If Equation (13) has a positive value, the CPU has slack time, and the CPU should wait for the GPU to finish its execution. To find the slack on different GPUs, we use Equation (14) for each individual GPU. Similarly, if it has a positive value, the GPU will have the slack. There is no slack in the CPU or GPU when the value is 0.

We can reduce power consumption without affecting performance for the next iteration by properly reducing the frequency of the processing units to only eliminate the slack. As we have shown in the earlier section, the execution time of the LU factorization is proportional to the frequency of computing units.

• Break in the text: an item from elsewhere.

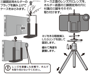 レンズやケース部を片手で持たないでください。ケースやレンズが外れてiPhoneが欠落する場合があります。 ケース左右を両手でしっかり持って撮影してください。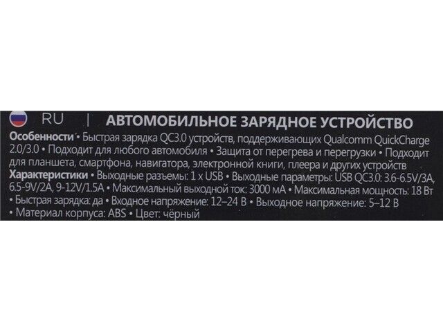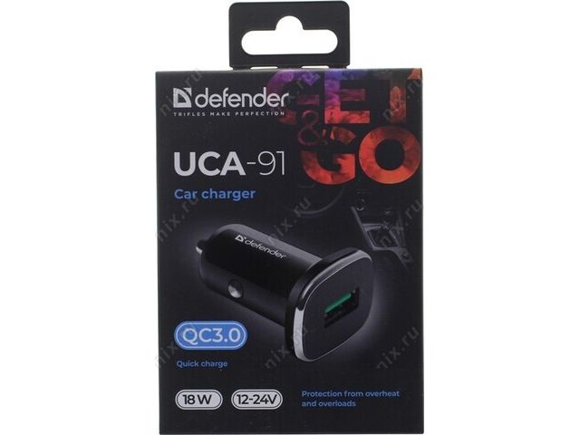 Defender UCA-91 83830 Автомобильное зарядное уст-во USB (Вх.12-24V, Вых.5/9/12V, 18W, USB)

We use the Advanced Configuration and Power Interface (ACPI) to change the CPU core’s frequency at runtime to reduce the voltage/frequency transition time. Our frequency enforcement is performed by manipulating each core’s “scaling_setspeed” file. When this device file is modified, Linux triggers a group of system calls that adjust the CPU core’s frequency in about 40 microseconds. Compared to the hundreds of msecs of CPU and GPU execution times per iteration (Figures 3 and 7), this overhead is negligible.

We derive the equation to find the optimum frequency for the units on the non-critical path based on the current and target execution time. Equation (15) below is derived to calculate the amount of optimum frequency, where \(f_{opt}\) and \(f_{default}\) are the optimum and default frequencies of the component with slack at a given iteration:

\begin{equation} \displaystyle f_{opt} = f_{default} \times \frac{\max (T_{CPU},T_{GPU})-slack}{\max (T_{CPU},T_{GPU})}. \end{equation}

(15)

The frequency of the CPU/GPUs is adjusted using the pseudo code provided in Algorithm 2. We choose the minimum frequency if the adjusted frequency is less than the minimum defined frequency. When an adjusted frequency is not supported by the hardware, two consecutive available frequencies are used to eliminate the slack. This is because only available discrete frequencies offered by CPU and GPU DVFS are taken into account in GreenMD.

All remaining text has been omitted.